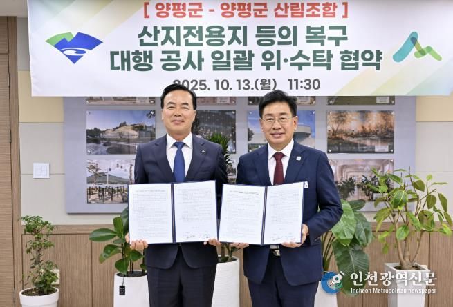 [인천광역신문] 관리자 기자 | 양평군은 지난 13일 양평군청에서 양평군산림조합과 ‘산지전용지 등의 복구 대행 공사’에 대한 위·수탁 협약을 전국 최초로 체결했다고 밝혔다.
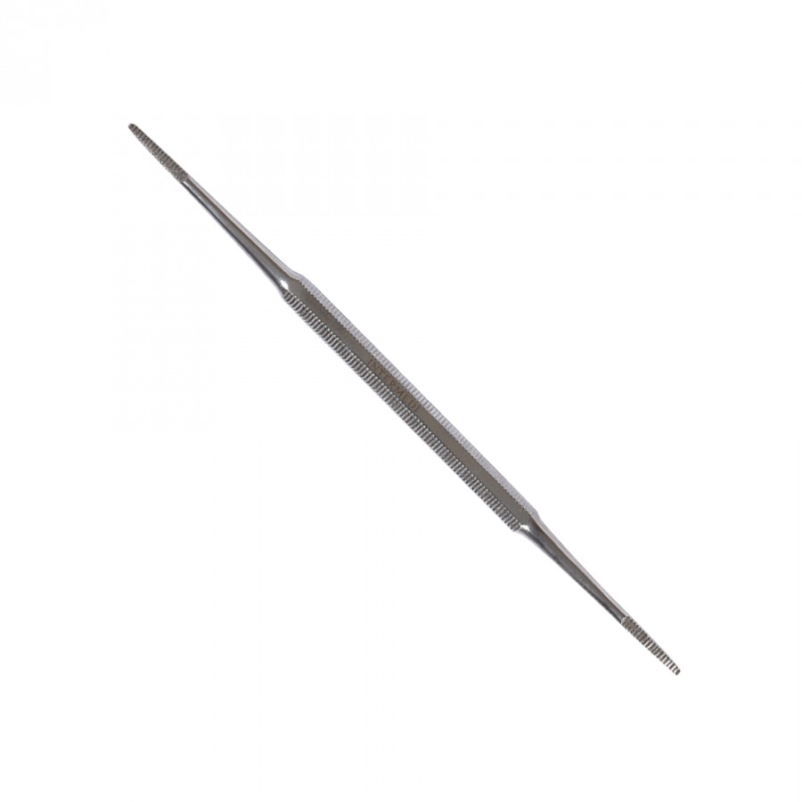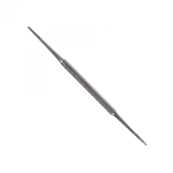 De Dubbele hoekvijl word gebruikt voor het weg vijlen van nagelhoekje op onbereikbare plekken waar met een grote vijl niet bij te komen is.
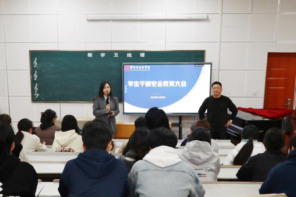 为进一步加强安全教育管理工作,提升学生干部的安全责任意识,筑牢学院安全防线,12月5日,艺术与设计学院在S102教室开展学生干部安全教育大会。校安全保卫部部长夏延锋、学院党委副书记王洁茹、全体辅导员、团学会生活部干部、班安全委员、班生活委员参加会议。会议由王洁茹主持。
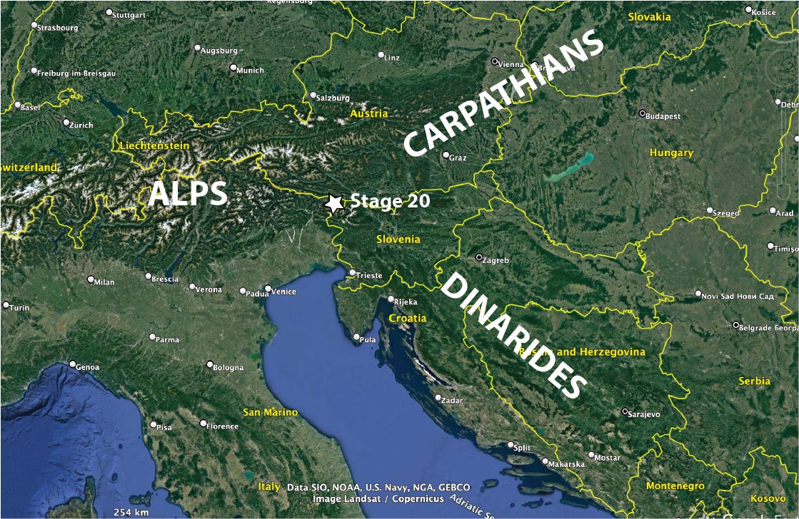 The Alps are piled-up rock packages of a few km thick that were offscraped from the European plate that subducted below Adria. The riders will cross remnants of two oceanic basins (the blue colors) and a small continent (the 'Brianconnais', in orange).
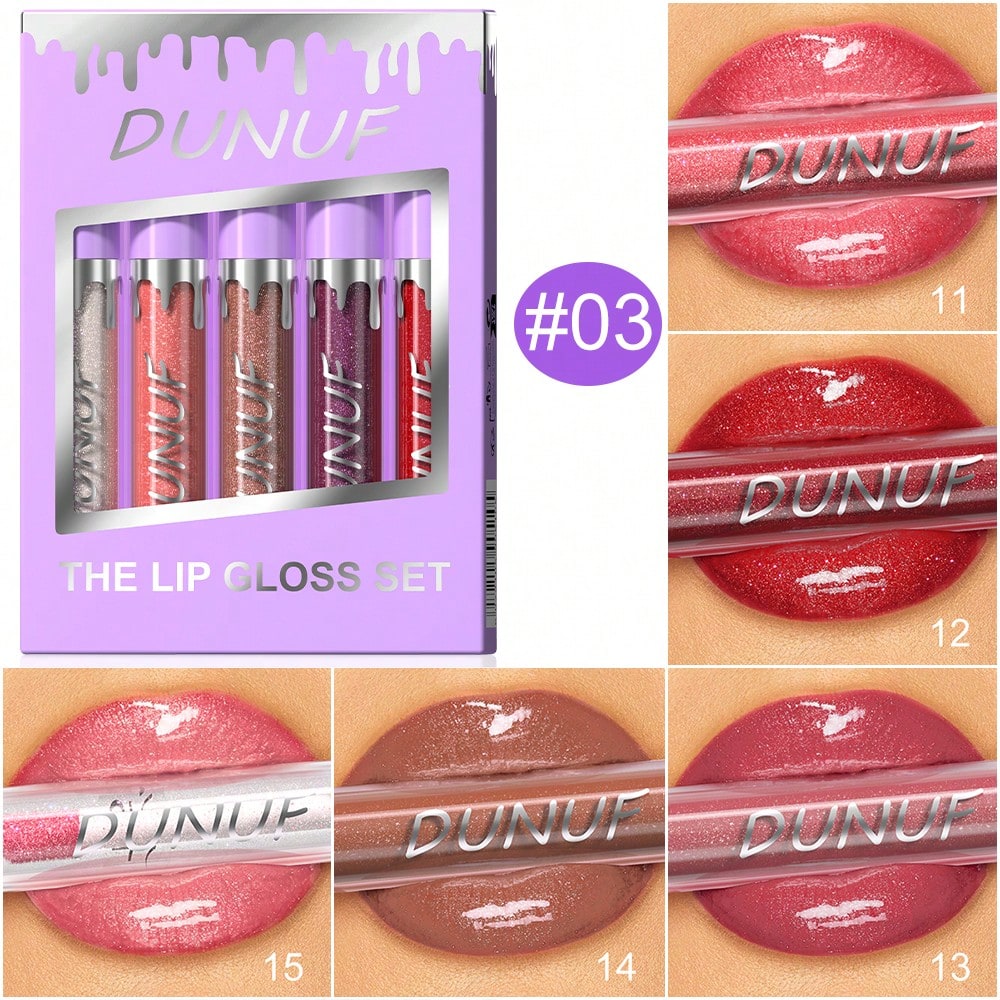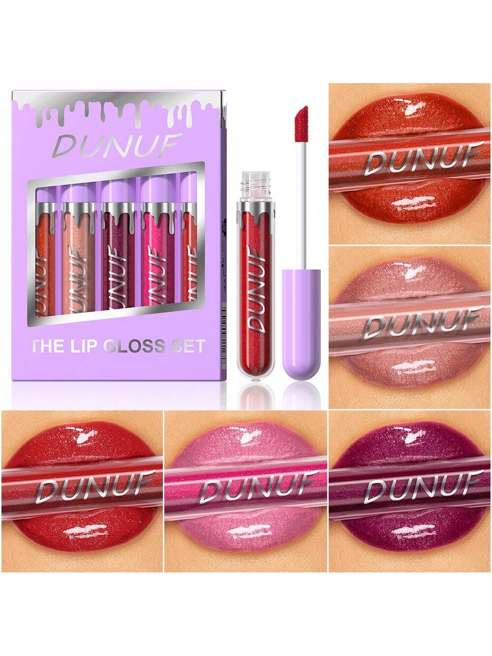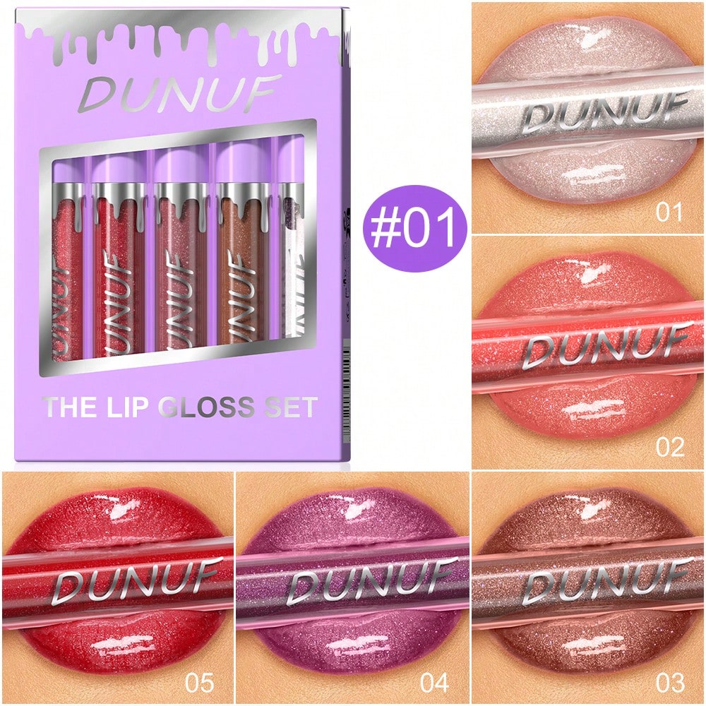 DUNUF 5 Pcs Long-Lasting Lip Gloss Set Waterproof Lipstick Non-Fading Non-Stick Cup Beginner Friendly Perfect Christmas Gift Beautifully Wrapped
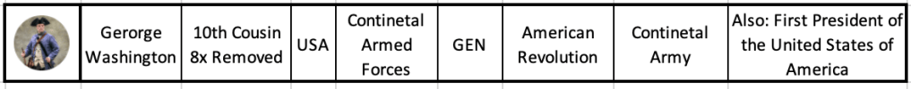 The Most Famous Veteran and Highest Ranking: Without a doubt, the most renowned veteran in my family tree is my 10th cousin, 7 times removed—General George Washington. Some might say, “Aha! An insurrectionist and slaveholder!” However, as I mentioned earlier, certain leadership qualities can spark a shift in thinking, and General Washington displayed some of these through his words and actions.
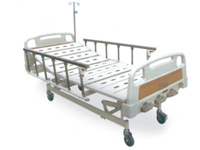 双向到位保护螺杆;中控脚轮刹车系统;低位稳定支撑系统;角铝护栏;冲孔床面板;P.P床头床尾板;引流挂钩;不锈钢输液架。
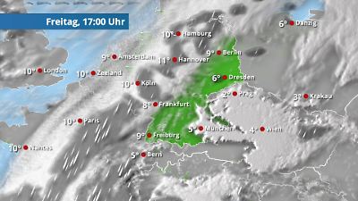 Wann regnet oder schneit es? Und wo regnet oder schneit es? Wie warm wird es? Diese Animation zeigt, wie Wolken, Schnee und Regen heute und morgen über Deutschland ziehen und wie hoch die Temperaturen dazu steigen oder wie tief sie sinken. Prognose vom 19. Dezember 2025 um 02:02 Uhr
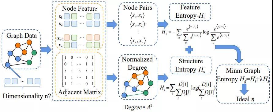 在本文中,作者从最小熵原理的角度重新审视 NEDS。随后,提出了一种基于最小图熵 (MinGE) 的算法去找最优嵌入维度。具体来说,MinGE 考虑了图上的特征熵和结构熵。特征熵假设相邻节点的嵌入相似。结构熵以归一化的度为基本单位,进一步衡量图的高阶结构。
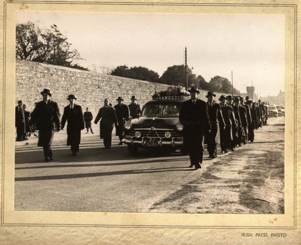 Photograph of the funeral of Mrs Sarah Mellows, mother of Barney and Liam Mellows, 1952. Showing the hearse and a guard of honour of 1916 veterans at Glasnevin. Photograph mounted on card 9.9 by 8 inches.;
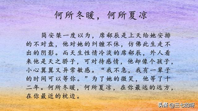 她容貌并不惊艳,但笑颜纯净,直抵人心。后来,她无悲无喜,麻木度日,他淡漠寡情,沧桑满怀。造化弄人,她的劫难是遇到了他,因为爱的深刻,在素白年华里她历经世事,受尽苦难。曾经他与她隔着千山万水,后来近在咫尺却仍然遥不可及,这本真的太好看了,强推!
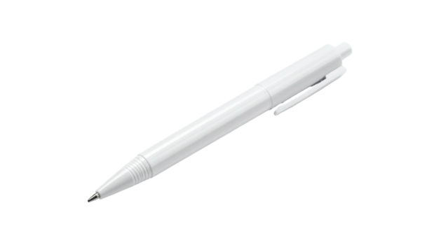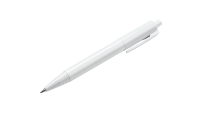 Silver fountain pen with cap and black ballpoint pen and white ballpoint pen isolated on a transparent background
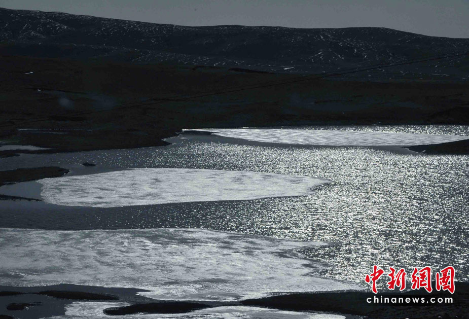 属于长江、黄河、澜沧江三江源地区的青海玉树地震灾区,自然保护区的18个核心区域中,有10个位于玉树州境内,占总面积的72%。4月下旬,记者深入灾区纵深各地,灾后重建正面临保护生态环境、为三江源建起一道生态屏障的难题;近日紧迫的防疫工作,必须使用灭菌效果好、对环境无污染的消毒剂。图为星罗棋布的湖泊正在春风化冰之时。中新社记者 贾国荣摄
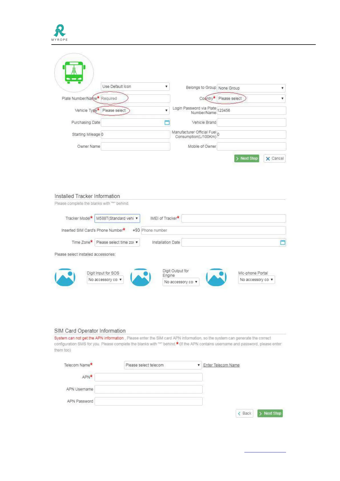 4.6 Click Next Step to fill in sim card APN information. Please select the telecom name, if the telecom is not

**TASK TO COMPLETE:** Extract exactly the lines above from the line containing "Silver fountain pen" through the last one, both ends included, but not the pictures.

**SOLUTION TO THIS PROBLEM:**
 Silver fountain pen with cap and black ballpoint pen and white ballpoint pen isolated on a transparent background
 属于长江、黄河、澜沧江三江源地区的青海玉树地震灾区,自然保护区的18个核心区域中,有10个位于玉树州境内,占总面积的72%。4月下旬,记者深入灾区纵深各地,灾后重建正面临保护生态环境、为三江源建起一道生态屏障的难题;近日紧迫的防疫工作,必须使用灭菌效果好、对环境无污染的消毒剂。图为星罗棋布的湖泊正在春风化冰之时。中新社记者 贾国荣摄
 4.6 Click Next Step to fill in sim card APN information. Please select the telecom name, if the telecom is not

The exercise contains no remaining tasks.